The wind came up. He stood in the street, near a derelict tenement, windows boarded, a padlocked iron door where the entrance used to be. He thought he'd like to get a can of gasoline and set fire to the car. Create a riverside pyre of wood, leather, rubber and electronic devices. It would be a great thing to do and see. This is Hell's Kitchen. Burn the car to a blackened scrap of dead metal, right here in the street. But he could not subject Ibrahim to such a spectacle.

The wind blew hard off the river. He and his driver met at the side of the car.

"Early morning you can see, right here, teams of men in white coveralls, they are washing the limousines. A marketplace of limos. Rags flying."

The two men embraced. Then Ibrahim got in the car and eased it down the ramp and into the garage. The steel grille came down. He would drive his own car out the exit on the next street and head on home.

The moon was mostly shadow, a waning crescent twenty-two days into its orbit, he estimated.
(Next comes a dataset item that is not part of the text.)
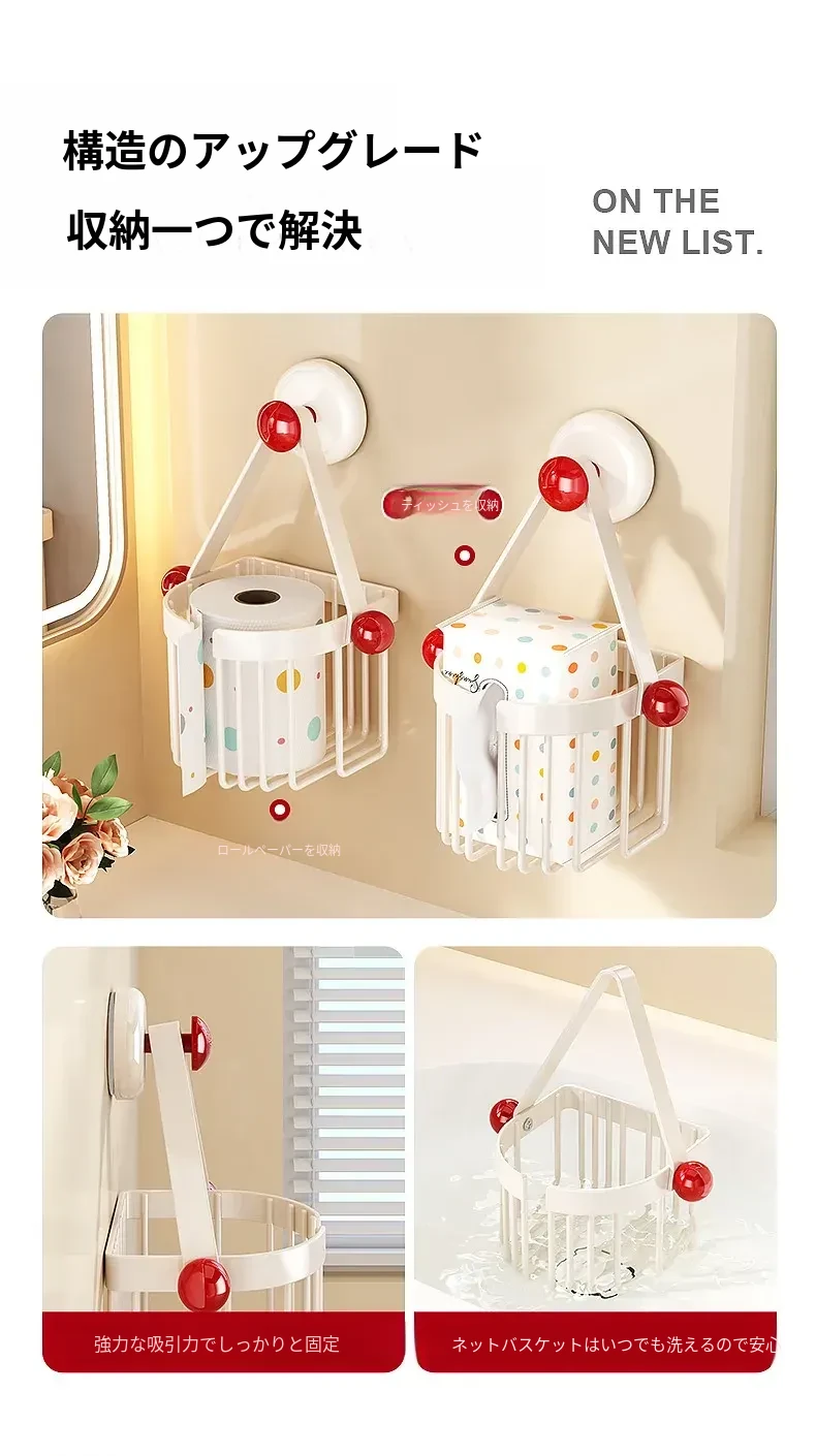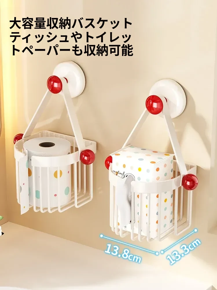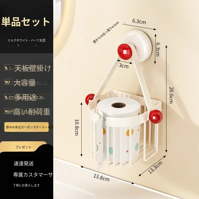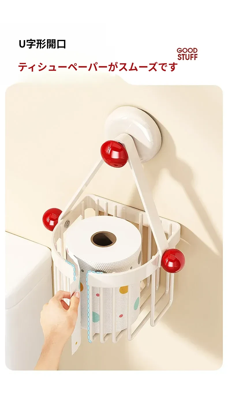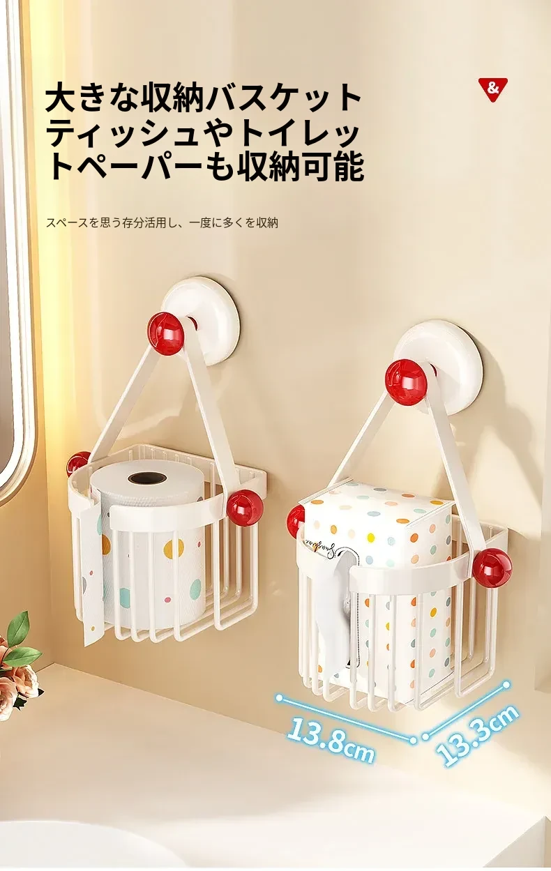 吸盤式トイレットペーパーホルダー - 壁掛けでおしゃれに収納!穴を開けずに簡単取り付け、バスルームやトイレに最適な便利アイテム。洗面台やシャワーエリアをスッキリ整理整頓!

He stood in the street. There was nothing to do. He hadn't realized this could happen to him. The moment was empty of urgency and purpose. He hadn't planned on this. Where was the life he'd always led? There was nowhere he wanted to go, nothing to think about, no one waiting. How could he take a step in any direction if all directions were the same?

Then there was a shot. The sound flew in the wind. It was something, yes, an occurrence, but also nearly negligible, a hollow popping noise come and gone in a breath and carrying only the faintest intimation of danger. He didn't want to blow it out of proportion. Then another shot followed by a man's voice howling his name in a series of trochaic beats and at a cracked pitch that was more chilling than gunfire.

ERIC MICHAEL PACKER

So it was personal then. He remembered the gun in his belt. He took it in hand and prepared to sprint toward a couple of small dumpsters on the sidewalk behind him. There was shelter there, a blind from which to return fire. Instead he stood where he was, in the middle of the street, facing the padlocked building. Another shot sounded, barely, nearly lost in the ripping wind. It seemed to come from the third floor.

He looked at his gun. It was a snub-nosed revolver, small and blunt, with a wide trigger. He checked the cylinder, which held only five rounds. But he knew he would not be counting rounds.

He prepared to fire, eyes closed, visualizing his finger on the trigger, in tight detail, and also seeing the man in the street, himself, long-lensed, facing the dead tenement.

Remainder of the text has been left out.